Ultimately, this review suggests that compassion also has a therapeutic effect, serving as a universal care medium in cross-cultural care [ 48 , 53 – 63 ]. Communication itself has been identified as an important medium for the delivery of compassion in healthcare [ 27 ], with communication barriers being a partiucular issue for ethnically diverse patients perceptions of quality care [ 37 ]. As such, approaching patients in a compassionate manner can have a bolus effect on cultural barriers it doesn’t serve as a panacea, requiring healthcare providers to actively counteract communication barriers in order for compassion to have an optimal therapeutic effect. The impact of compassionate communication on patients are modest, with HCPs who are perceived as being compassionate being more likely to elicit sensitive health information from ethnically diverse patients [ 55 ] and to develop a trusting therapeutic relationships among ethnic minorities that mistrust the healthcare system [ 9 , 73 – 77 ]. While patient perspectives suggest that the way that care is provided may be as important as developing substantive cultural competieinces, [ 53 , 54 , 78 , 79 ], this was not reported finding in any of the HCP studies reviewed reported similar findings [ 53 – 55 ]. Thus, additonal research needs to be conducted to examine HCPs perspectives on the role and impact that compassion has in overcoming cultural communication barriers.

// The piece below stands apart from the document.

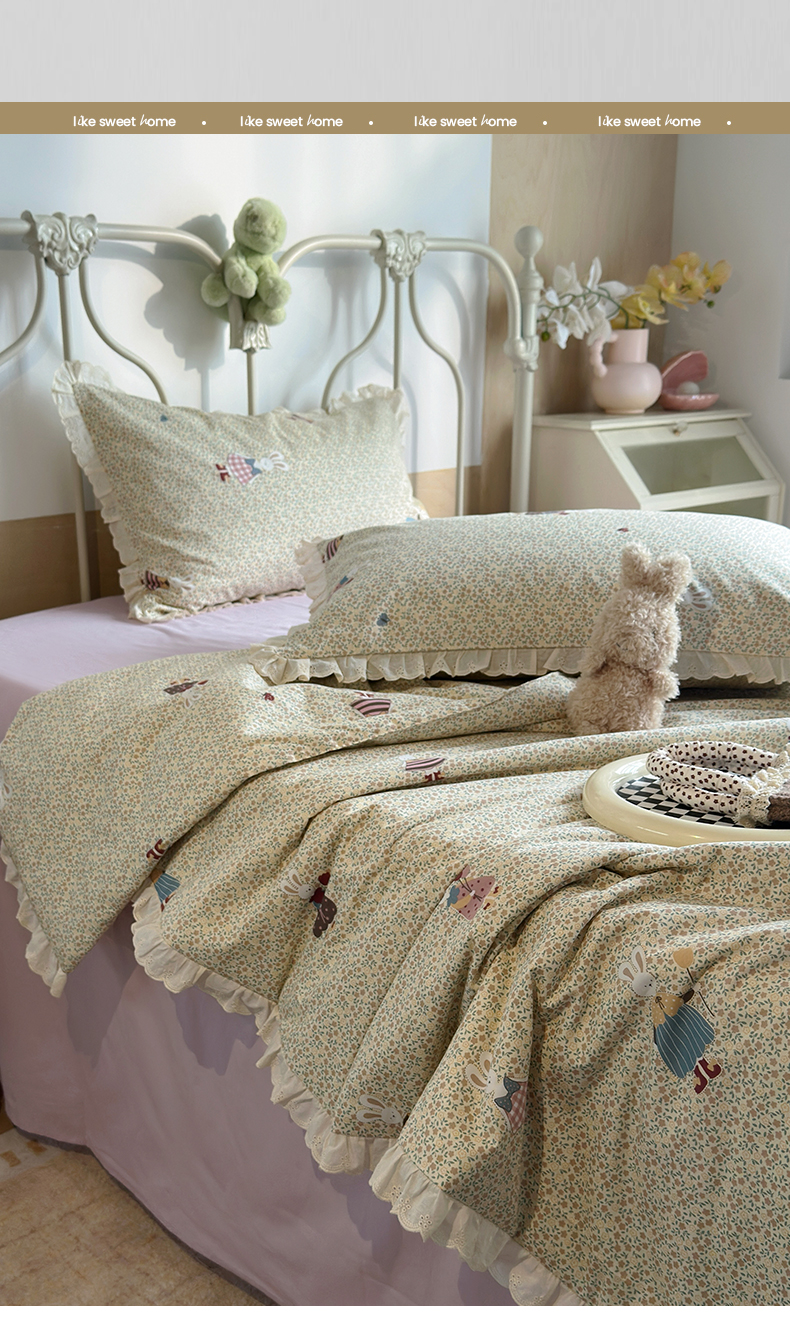 商品名称:绫韵家纺 2025新品夏季韩式浪漫小花边空调被夏被薄被子套件系列 百丽兔

On another cautionary note, while the intent of this review was to recognize diversity in expressions and experiences of compassion based on ethnicity, adopting an overly prescriptive and stereotypical approach that generalizes an entire ethnic groups understanding and experience of compassion, may actually further compound the core issue—namely, that while patient’s ethnicity can provides a framework for providing culturally sensitive compassion, experiences of compassion are ultimately defined by individual members of these ethnic and cultural groups [ 56 ]. This review, cautions against a one size fits all approach across ethnic and within ethnic groups, emphasizing that perhaps the most essential domain of compassion, particularly for HCPs who have a different ethnic background than their patient, is seeking to understand, not only their ethnic influencers of compassion, but the individual. A recent study examining Canadian HCPs’ perspectives of compassion described that intentional acts of compassion by HCPs can help overcome these challenges [ 80 ]. HCPs of diverse ethnic backgrounds also feel that compassion is an essential component of good care and can be taught [ 42 , 45 ]. Therefore, teaching the importance of compassion to HCPs along with cultural influencers effecting patients experience of compassion can help HCPs tailor and individualize compassion to the ethnically diverse patients they serve.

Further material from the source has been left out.